I’d say changing people's lives, but maybe it’s not quite the right wording.
It’s being a part of people’s lives as they change. I say to all my volunteers, we’re stepping stones. We can’t fix anything. We are just a piece in their puzzle, and if we expect to fix it, then we’re going to burn out. But seeing a young family into housing and having the children so excited about having their own bedroom, it’s a really rare thing, but it’s something really exciting. Being there to hug a woman escaping domestic violence who’s just got out of hospital, and letting her know that she’s got someone there to walk with her through the next steps and hold her hand through court and stuff like that. It’s not “Yahoo, we’re there!” but it is a “We’re here”, and that means something.
Just a couple of days ago, I had a guy in case management say to me, “Theresa, do you remember giving me a meal 10 years ago over there under the tree on the beach?”
And I said, no, not at all, there have been a few since then, but it shows us and reminds us that those small things we do every single day mean a huge thing to people who don’t have anything, and even though it’s just something we do every day, and becomes the norm, it doesn’t mean it’s not big.
I’ve found that going into the leadership role means that you are the behavioural management person and you get caught up, every single day, dealing with poor behaviours, and it gets really hard to focus on those positive, nice little interactions.

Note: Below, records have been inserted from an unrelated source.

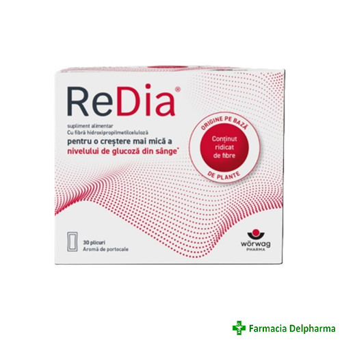ReDia x 30 plicuriProprietati:- este un complex patentat de fibre vegetale;- consumul de hidroxipropilmetilceluloza in timpul mesei poate contribui la o diminuare a cresterii nivelului deglucoza din sange dupa masa respectiva;- efectul benefic se obt...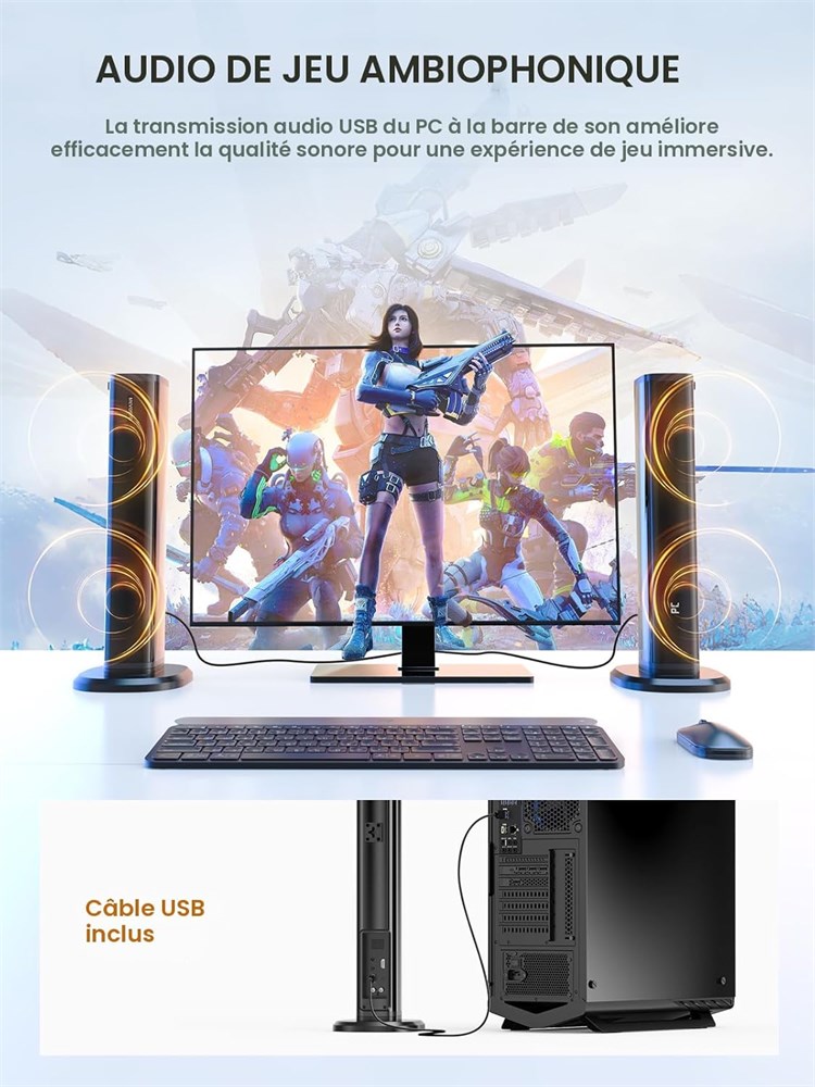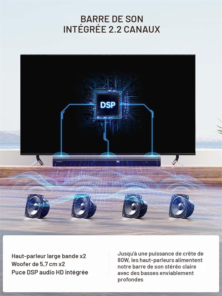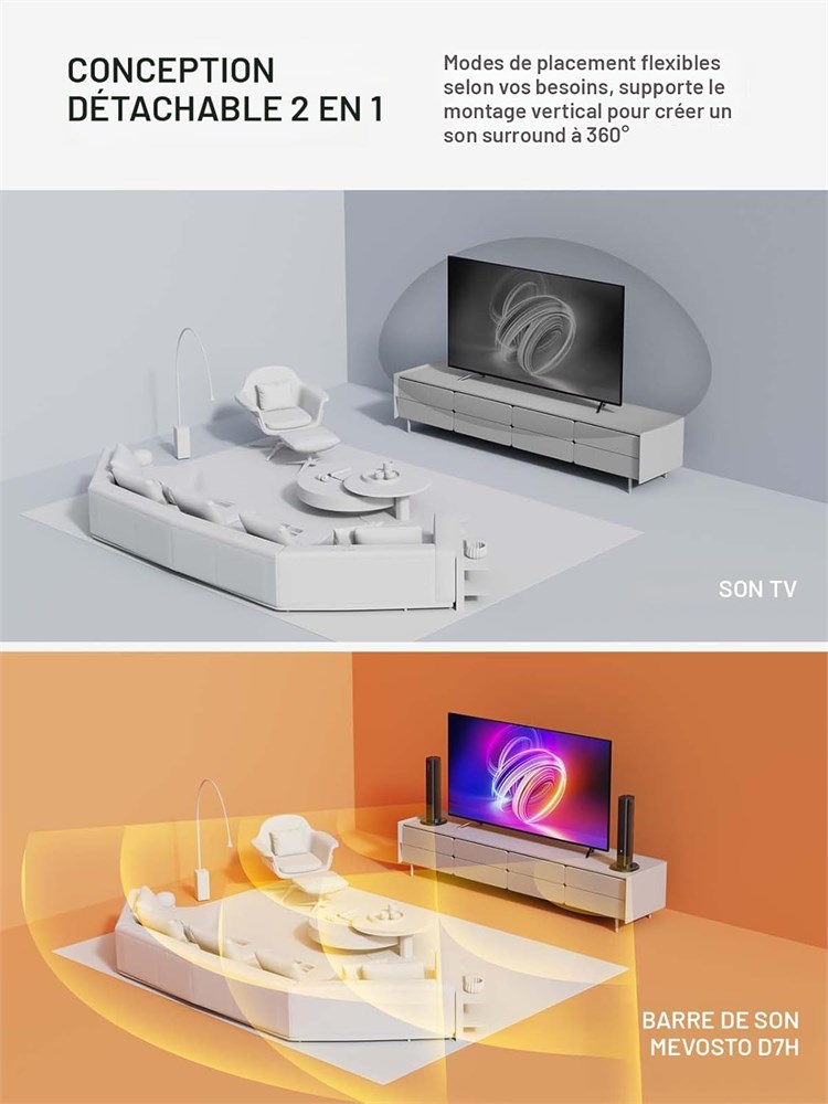 D couvrez la mise niveau 2025 : les haut-parleurs rectangulaires am lior s maximisent la profondeur du son, r duisant la distorsion et am liorant la clart . La compatibilit am lior e se connecte facilement avec les ordinateurs et les consoles via USB, transformant votre espace en un v ritable home cin ma ou un hub de jeu 2.2 canaux avec des chambres sonores ind pendantes pour une r verb ration puissante. Design amovible peu encombrant : avec son design fin et s parable, la barre de son MEVOSTO prend en charge plusieurs m thodes d'installation (tout-en-un/division verticale/placement horizontal/montage mural), et est le compl ment parfait toute configuration home cin ma. Une mise niveau audio de la t l vision : dites adieu au son plat de 2.0 CH, les haut-parleurs pleine gamme x2 et les doubles caissons de basses int gr s dans la barre de son MEVOSTO 2.2CH offrent un son coh rent et une clart brillante, apportent des basses plus profondes, et le volume maximum peut atteindre 102 dB. Une seule barre apporte tout le son. Connexion filaire et sans fil : via un c ble HD-ARC de qualit sup rieure, vous pouvez facilement vous connecter votre t l viseur et passer l'audio avanc , galement compatible optique/AUX/BT 5.0/USB (cl USB et c ble USB pris en charge). Con ue pour correspondre votre t l viseur Le profil bas et le design l gant de la barre de son D7H MEVESTO ne masquent pas votre vue et peuvent tre facilement mont es au mur (dimensions : 80,5 x 8,9 x 7,1 cm). L' cran LED prend en charge l'extinction automatique sans op ration manuelle, de sorte que vous pouvez profiter d'une image r aliste avec un son authentique lors d'une soir e cin ma. Son personnalis : fournit 3 modes d' galisation classiques : film/musique/actualit s au choix, les aigus et les basses sont r glables pour fournir un son dynamique aux audiophiles en accordant le volume sonore entre -5 et +5 (55 Hz 20 kHz). Poss de votre propre pr f rence sonore Veuillez noter que la barre de son MEVESTO D7H ne prend pas en charge le son Dolby DTS. Veuillez noter que les parties gauche et droite de la barre de son doivent tre connect es par des c bles audio, que ce soit en mode int gr ou s par .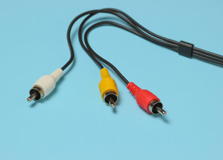 RCA cable on blue background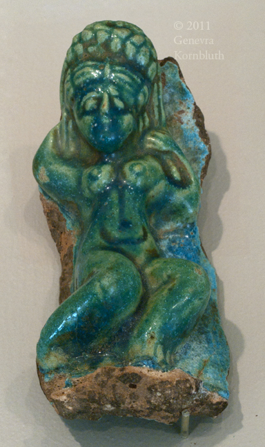 reclining woman (Aphrodite?) from Karanis (Egypt), faience, 1st-3rd c., KM 0000.02.5986

Becoming a clinical psychologist, I’m writing into my day when I have my psychology hours, which means I am not running the centre in these times. The case managers will have to deal with poor behaviours in those times, which breaks it up a little bit for me, because I was really getting burnt out with doing that all the time. It is such a small component, people with poor behaviours or substance abuse and stuff like that, in the numbers that we help, but it becomes overwhelming in your head if it’s all you are seeing all day long.